● What you have to do
Output the run of lines that opens with the first line of the material below and closes with the line containing "また、プラスチック製・ワイヤー製・木製のハンガーがまとめて届いています。", both included, and drop the pictures.

● Data to examine
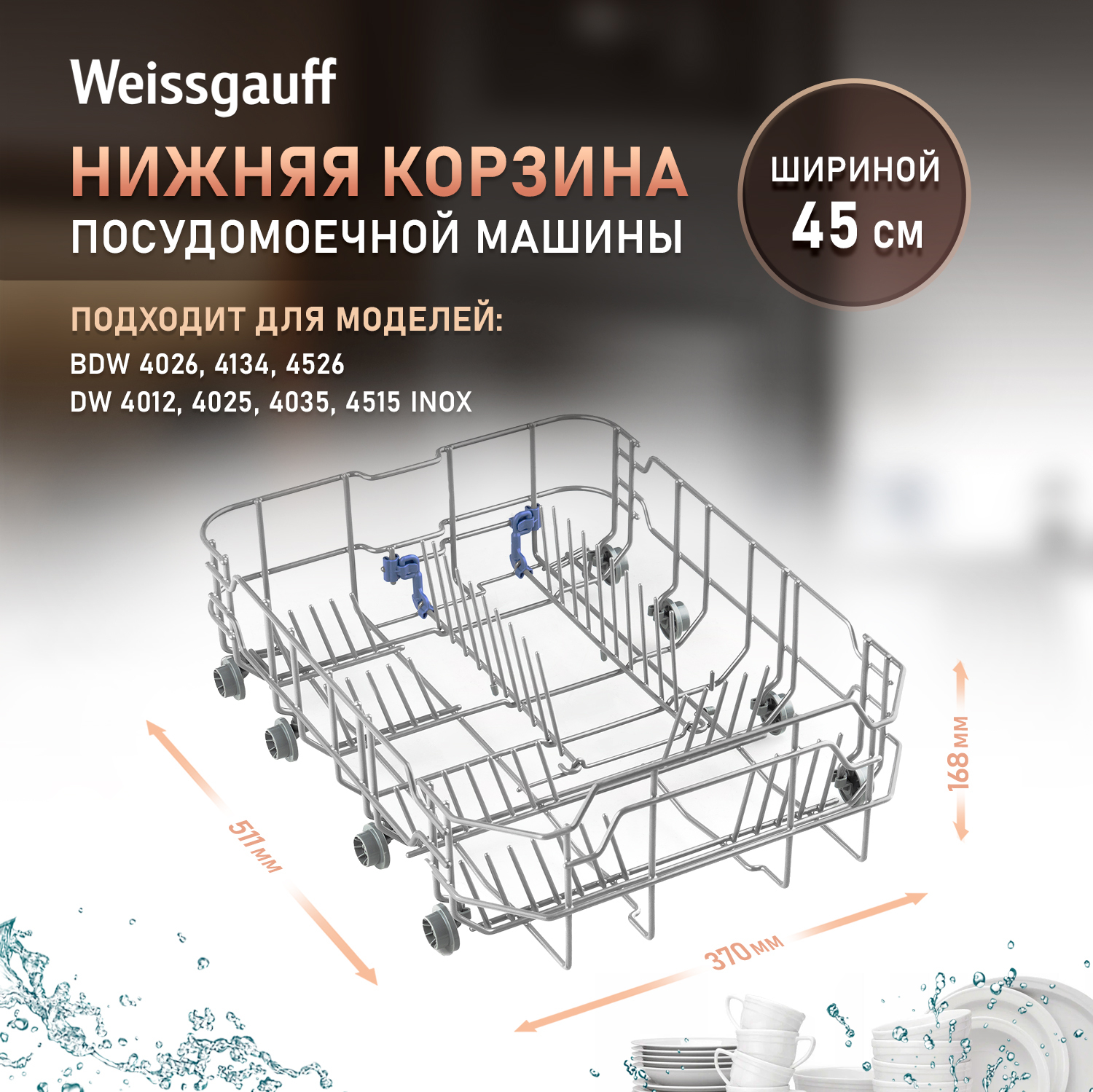 Нижняя корзина для посудомоечной машины Weissegauff шириной 45 см (432714)
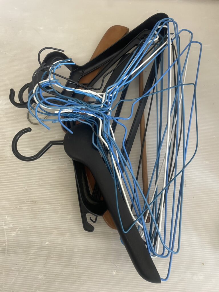 また、プラスチック製・ワイヤー製・木製のハンガーがまとめて届いています。
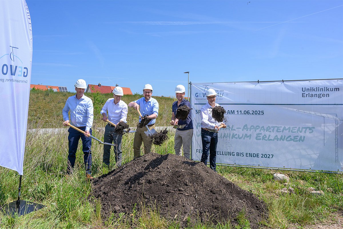 Mit einem gemeinsamen Projektauftakt vor Ort geben die Vertreter der GEWOBAU Erlangen, die Stadt Erlangen und das Universitätsklinikum Erlangen den Startschuss für ein zukunftsweisendes Wohnprojekt. An der künftigen Adresse Walberlaweg 2–4 im Stadtteil Büchenbach entstehen bis Ende 2027 insgesamt 88 Appartements für Mitarbeitende des Universitätsklinikums.
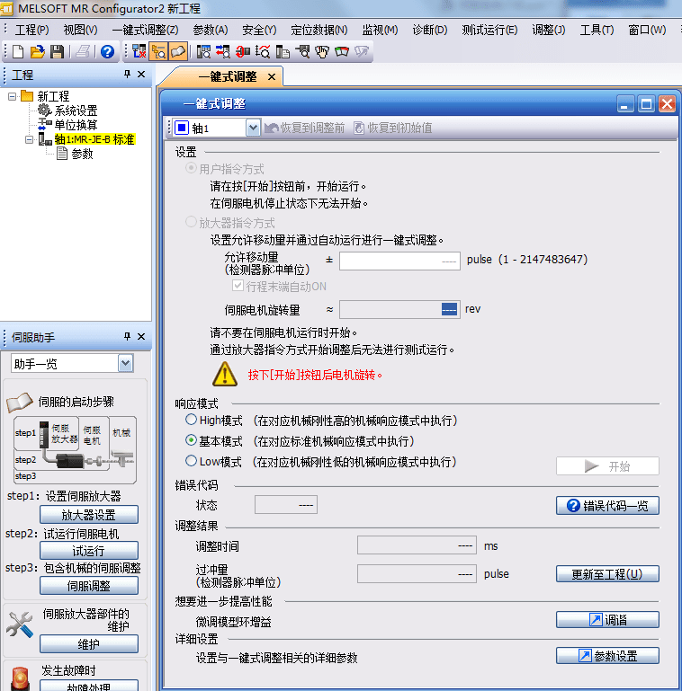 7) 伺服新增<一鍵式調整>功能,解決現場伺服增益調整難問題,三種模式,一鍵啟動,自動調整到需要效果;對機械共振消除,插補圓弧鋸齒消除,到位擺動問題輕易解決
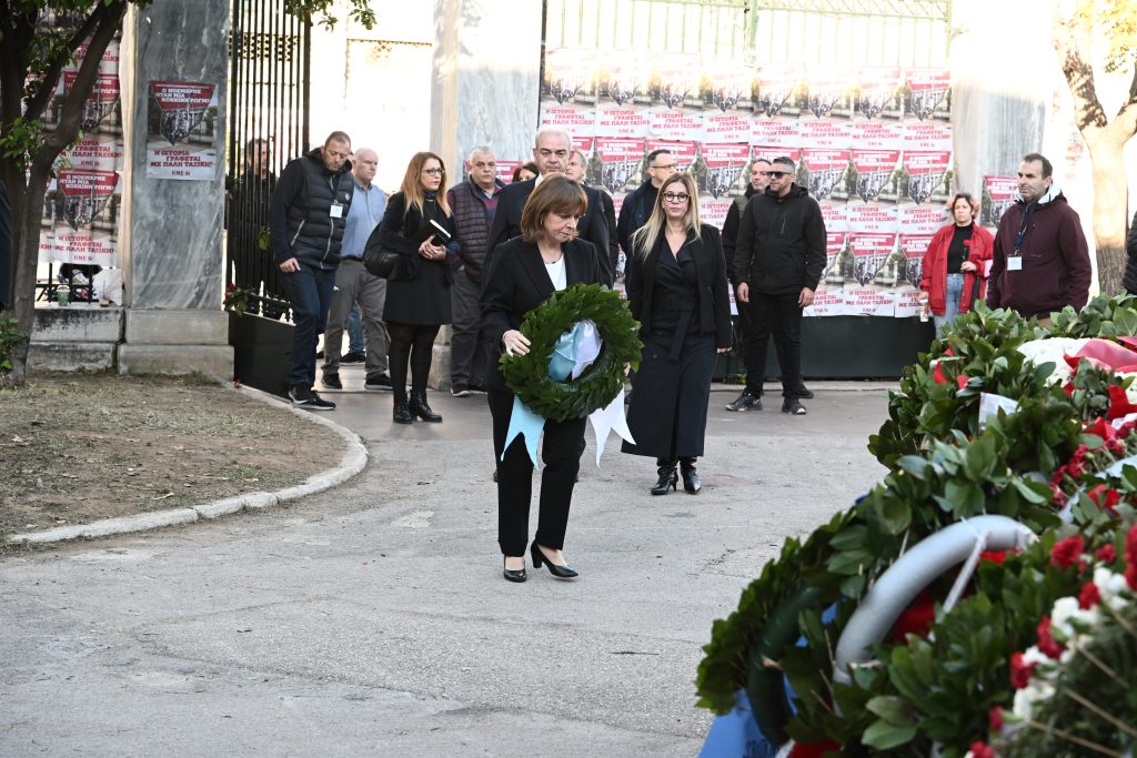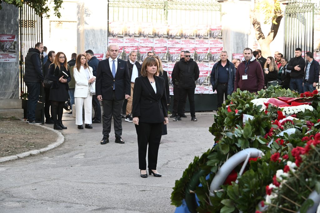 Η Κατερίνα Σακελλαροπούλου πέρασε την πύλη του Πολυτεχνείου στις 9:00, κατέθεσε το στεφάνι της και στη συνέχεια αποχώρησε.
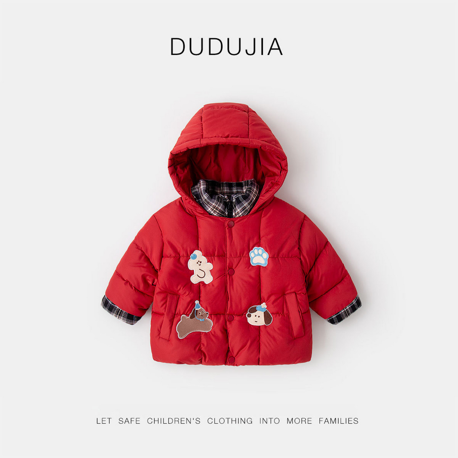 类 男童外套洋气儿童棉袄红色女童衣服冬装 嘟嘟家宝宝棉服冬季 新款
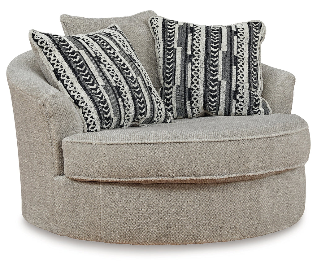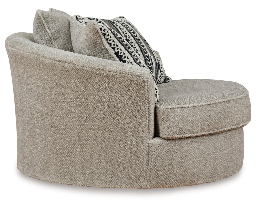 This oversized swivel accent chair caters to your need for contemporary comfort. Large in scale and decked out in feel-good fabric, it gives you space to sprawl out. And the 360-degree swivel motion makes it easy to view the TV or chat with others in your seating area. Quality time has never been so cozy.
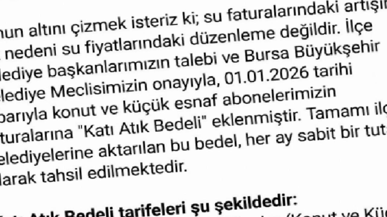 Su faturalarının artışında tek nedenin su fiyatı olmadığına dikkati çekilen açıklamada, 1 Ocak 2026 tarihi itibariyle konut ve küçük esnaf abonelerinin faturalarına ilçe belediyelerinin talebi ve Büyükşehir Belediye Meclisi onayıyla “katı atık bedeli” eklendiği kaydedildi. BUSKİ, faturalardaki görünür artışın temel nedeninin bu sabit katı atık bedeli olduğu belirtildi.
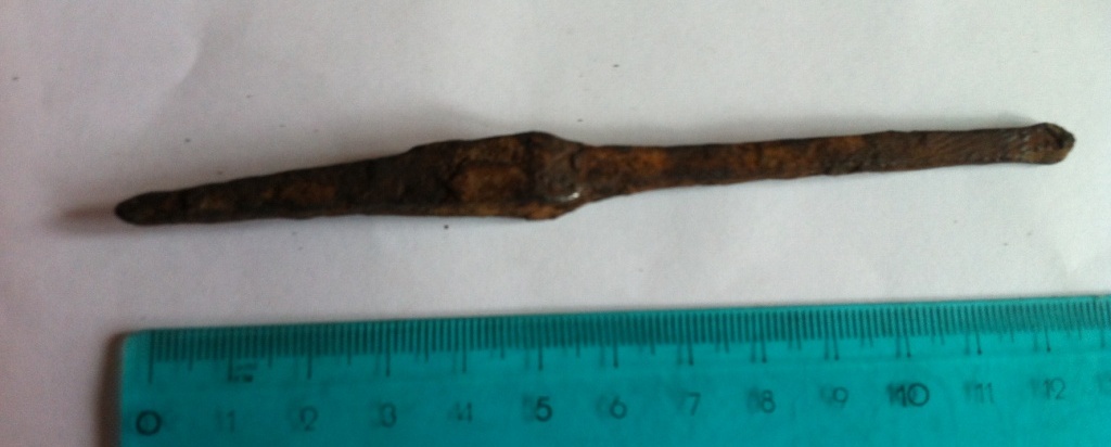 QUOTE(hardcore @ Feb 27 2015, 16:03) Здравствуйте! подскажите,пожалуйста, это наконечник для стрелы или что это может быть? сам не в теме. длина 8 см. четыре грани. проявляет очень-очень слабые магнитные свойства,вероятно,сплав из железа и еще чего-то. район находки- Нижегородская область. Была ещё версия - наконечник для палки от лыж Сообщение отредактировано hardcore: Mar 1 2015, 00:20 -------------------- С уважением, Алексей

● Answer to this exercise
 Нижняя корзина для посудомоечной машины Weissegauff шириной 45 см (432714)
 また、プラスチック製・ワイヤー製・木製のハンガーがまとめて届いています。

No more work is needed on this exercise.